I think we are on the verge of losing vaccines for this country, from this country. And the reason is that Robert F. Kennedy Jr. will hold up a paper, in the next four or five months, that says it's aluminum in vaccines that are causing a whole swath of problems, including autism. I think he is about to destroy vaccines in this country. I do.
-- Dr. Paul Offit/2025 [may the MAGA and MAHA be with you]

There's not a single example of things working out for the appeaser.
-- Nicolle Wallace/2024 [like this? the next extortion is on the way]

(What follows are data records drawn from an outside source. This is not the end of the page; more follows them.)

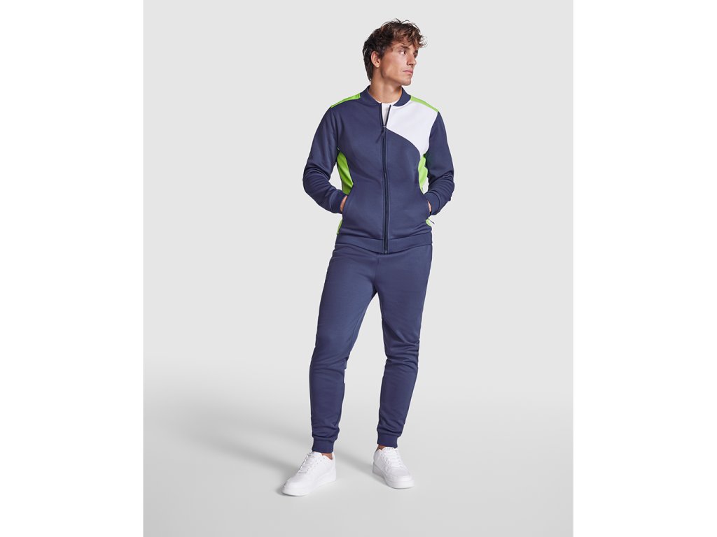 Sportovní bunda s předním zapínáním na zip. Boční kapsy se zapínáním na zip. Límec, manžety a spodní lem s 1x1 žebrováním. Asymetrický hlavní prvek na levé straně hrudníku, speciálně navržený pro vyšívání. Lze kombinovat s kalhotami Rodas.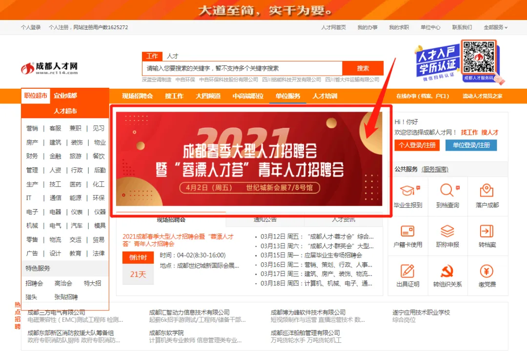 ②电脑登陆成都人才网(www.rc114.com)点击专题页面查看;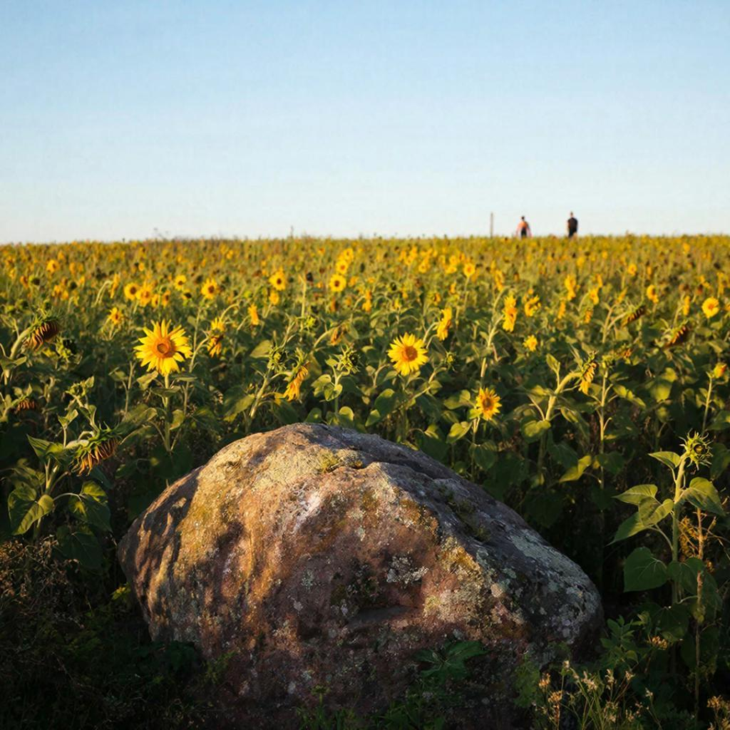 Раннее утро августа 1943 года. Поле за деревней Ольховкой было усыпано подсолнухами — их жёлтые головы покачивались на ветру, будто кивали солдатам, идущим в бой. Среди них, чуть в стороне от основной линии наступления, притаился сержант Пётр Волков. Он должен был прикрывать отход своего взвода: после неудачной атаки бойцы отступали к лесу, чтобы перегруппироваться. Пётр остался один с пулемётом, парой гранат и запасом патронов — достаточно, чтобы задержать немцев на какое‑то время. Он выбрал позицию у большого камня, замаскировался ветками и подсолнухами. Отсюда хорошо просматривалась дорога, по которой, как ожидалось, пойдут немецкие танки и пехота. Руки немного дрожали, но Пётр глубоко вдохнул, выдохнул и принялся проверять пулемёт. Через полчаса на дороге показались первые машины. Пётр сжал зубы и приготовился. Когда колонна подошла ближе, он открыл огонь. Первая очередь пришлась по мотоциклистам — двое упали, остальные бросились в кювет. Затем он перенёс огонь на бронетранспортёр: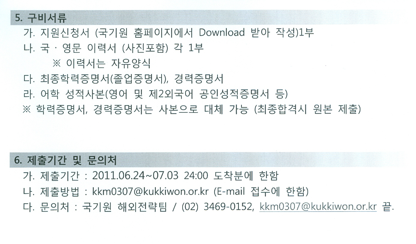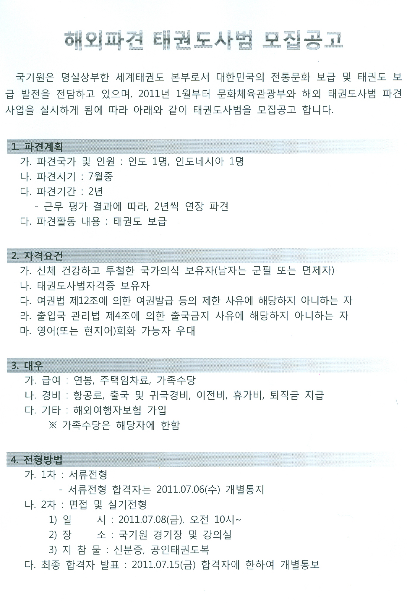 알림 2011년 해외파견 태권도사범 모집공고 작성자 sesAdminId 작성일 2011-06-24 조회 8628 첨부 해외파견 사범 지원신청서 다운로드 목록 2011-06-23 2011년 미국파견 태권도인턴사범 최종 합격자 2011-06-27 2011년도 1,2,3급 세계태권도한마당심판 연수대상자발표 안내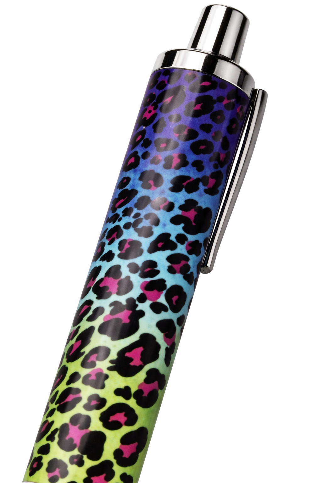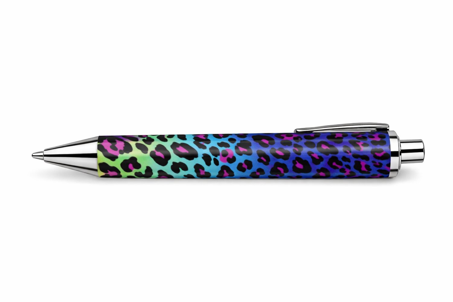 Featuring a vibrant blend of purple, blue, and green tones with black leopard print and pops of pink, this full coverage design creates a trendy and eye-catching finish.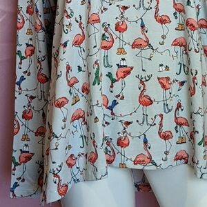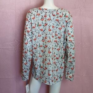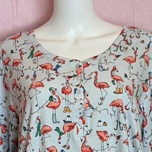 Sleep Sense long sleeve light blue Christmas pajama top with flamingos. New with tags. Refer to photos for measurements. Size XL is pictured, but has been sold. Size Large is available for purchase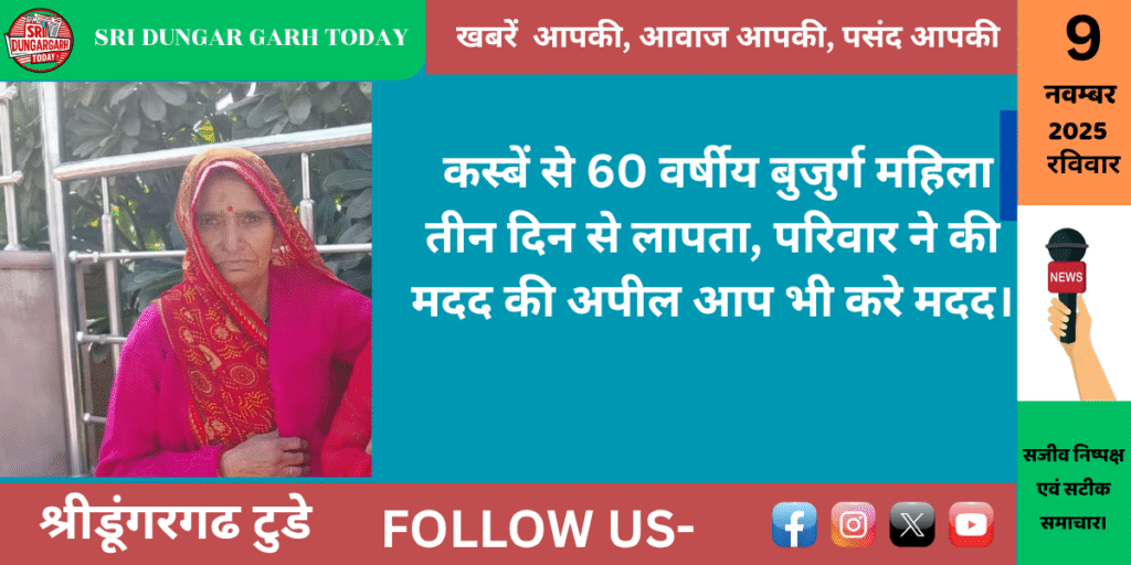 श्रीडूंगरगढ़ कस्बें से  60 वर्षीय एक बुजुर्ग महिला तीन दिन से घर से लापता है। परिजन उनकी तलाश कर रहें है व सभी पाठको से मदद की अपील की है। कालूबास निवासी रामनारायण जोशी की पत्नी भगवती देवी 6 नवंबर 2025 को अपने घर से मालकसर जाने के लिए निकली। वे मालकसर भी नहीं पहुंची और कालूबास भी लौट कर नहीं आई। परिजनों ने बताया बुजुर्ग महिला भूलने की बीमारी से ग्रसित है और संभवत भूलवश कहीं भटक गई है। परिजनों ने सभी पाठकों से बुजुर्गा के कहीं नजर आने पर 9509834525 या 9950268872 पर तुरंत सूचना देने की अपील की है।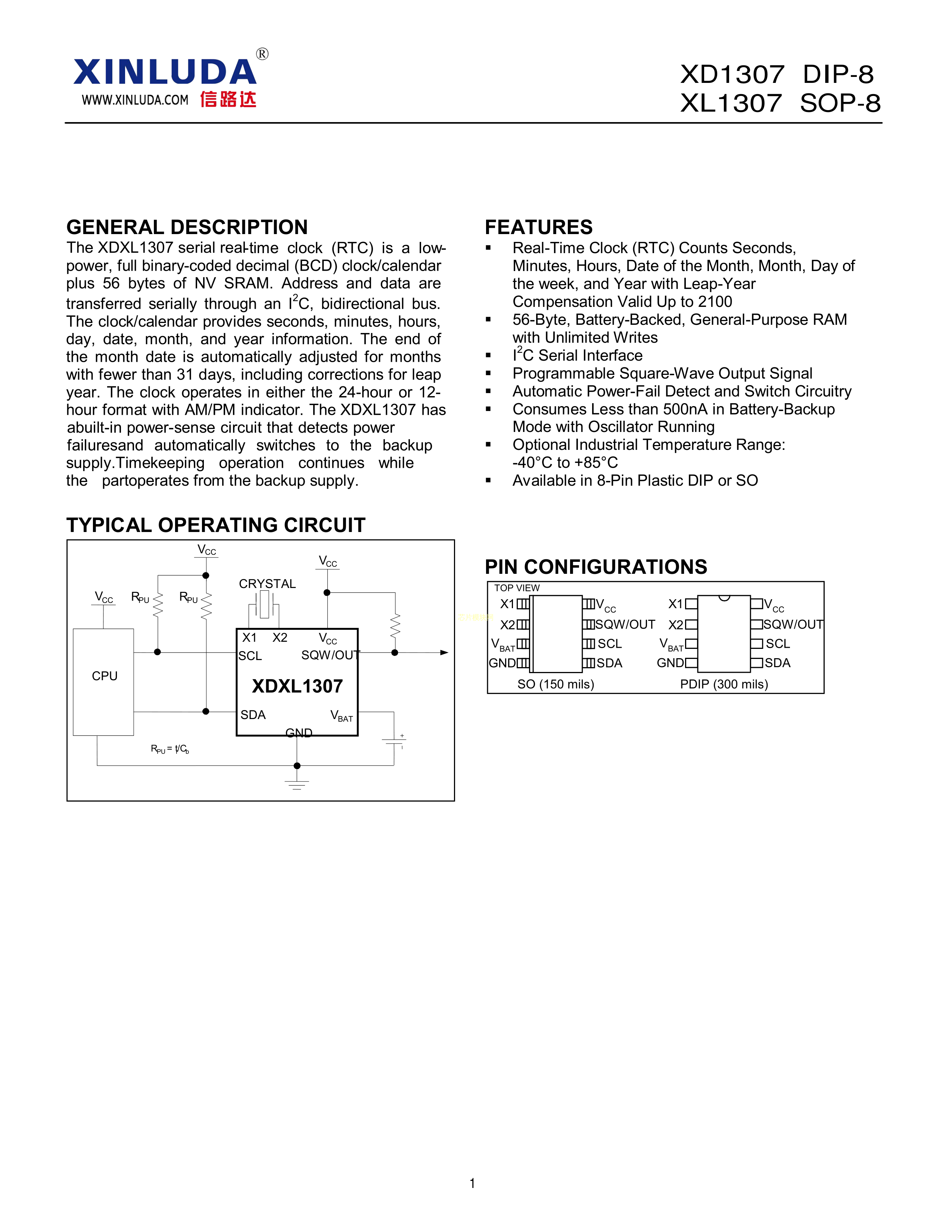 XL1307数据手册SOP-8封装XINLUDA(信路达)PDF规格书,中英文下载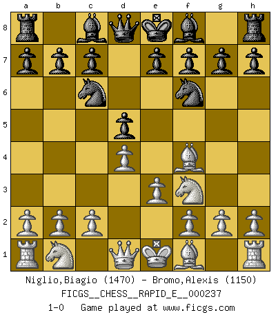 Last move : 1-0 2020 April 25 11:8:42 [Event "FICGS__CHESS__RAPID_E__000237"] [Site "FICGS"] [Date "2020.03.19"] [Round "1"] [White "Niglio,Biagio"] [Black "Bromo,Alexis"] [Result "1-0"] [WhiteElo "1470"] [BlackElo "1150"] 1.d4 d5 2.Nf3 Nc6 3.Bf4 Nf6 4.e3 1-0 This chess game has been lost on time (started : 2020.03.19 18:30:27) Queen's pawn game, Chigorin variation Player White won this chess game. Follow this game move after move (download)A sacrifice is best refuted by accepting it. (Wilhelm Steinitz) Es ist schade, dass viele Schachsportler vergessen, wie wichtig Auftreten und angemessene Kleidung sind. (Alexandra Kosteniuk) Al jugar al Ajedrez entonces, podemos aprender: Primero: Previsión... Segundo: Prudencia... Tercero: Cautela... Y al final, aprendemos del Ajedrez el hábito de no ser desanimados por apariencias malas presentes en el estado de nuestros asuntos, el hábito de la esperanza por una oportunidad favorable y la perseveración de los secretos de los recursos. (Benjamin Franklin) Ce qui est bien, c'est d'avoir tout un tas de pièces en prise : l'adversaire ne peut en prendre qu'une à la fois. Cité par Thierry Audin. Creativity involves breaking out of established patterns in order to look at things in a different way. (Edward De Bono)

I have had to explain and re-explain and re-explain and re-explain, you know, how relational databases work, what is an eigenvector, what is dimensionality reduction.

-- Christopher Wylie/2018

... but Flash-based storage has such a different performance profile from rotating media, that I suspect that it will end up having a large impact on filesystem design. Right now, most filesystems tend to be designed with the latencies of rotating media in mind.

-- Linus Torvalds/2007

I believe quite strongly that, if you think about the issue at the appropriate level of abstraction, you're inexorably led to the position that databases must be relational.

-- Chris Date/2009

This Week's thought

High levels is toxic, no doubt about it. Is the mercury that we're exposed to routinely toxic? The answer is no. If it was, we'd have to move to another planet.
-- Dr. Paul Offit/2025 [a Real vaccine expert]

See you next week in a brand new show^{©Heckle and Jeckle}

Therefore:

In a time of SSD, multi-core/processor, two terabyte memory and Optane App Direct Mode (RIP) machines, there is no reason not to build from BCNF data. Time to do what Dr. Codd demonstrated. Technology has finally caught up with the maths.

29 March 2009

The Next Revolution and Alternate Storage Propositions

I've spent the last few days reading Chris Date's latest book, "SQL and Relational Theory". One buys books as much to provide support to the author, kind of like alms, as to acquire the facts, thoughts, and opinions therein. Kind of like buying Monkees albums; one doesn't really expect to hear anything new. I may post a discussion of the text, particularly if I find information not in previous books.

What this post is about is the TransRelational Model [TRM] which this latest Date book resurrects, column stores such as Stonebraker's Vertica, and the impact of the Next Revolution on them. As always, this is a thought experiment, not a report on a Proof of Concept or pilot project about either. May be someday.

In Date's eighth edition of "Introduction...", there is the (in)famous Appendix A, wherein he explicates why Tarin's patented Tarin Transform Method, when applied to relational databases, will be "the most significant development in this field since Codd gave us the relational model, nearly 35 years ago" without referencing an implementation. In particular that, "the time it takes to join 20 relations is only twice the time to join 10 (loosely speaking)." When published in 2004, Appendix A led to a bit of kerfuffle over whether, given the reality of discs, slicing and dicing rows could logically lead to the claimed improvements. I found a paper, which says it is the first implementation of TRM. The paper is for sale from Springer, for those who may be interested. You will need to buy the book to see what they found.

At the end of "SQL and Relational Theory", in the About the author, is a list of some of Date's books, among them "Go Faster! The TransRelational Approach to DBMS Implementation, is due for publication in the near future." The same book is "To appear" in Appendix A of the eighth edition. And I had thought it had gone away. The url provided for Required Technologies, Inc. is now the home of an ultrasound firm.

The column database has been around for a while; Vertica is Michael Stonebraker's version. There is also a blog, The Database Column which discusses column stores. It makes for some interesting reading. Two of the listed posters are of Vertica.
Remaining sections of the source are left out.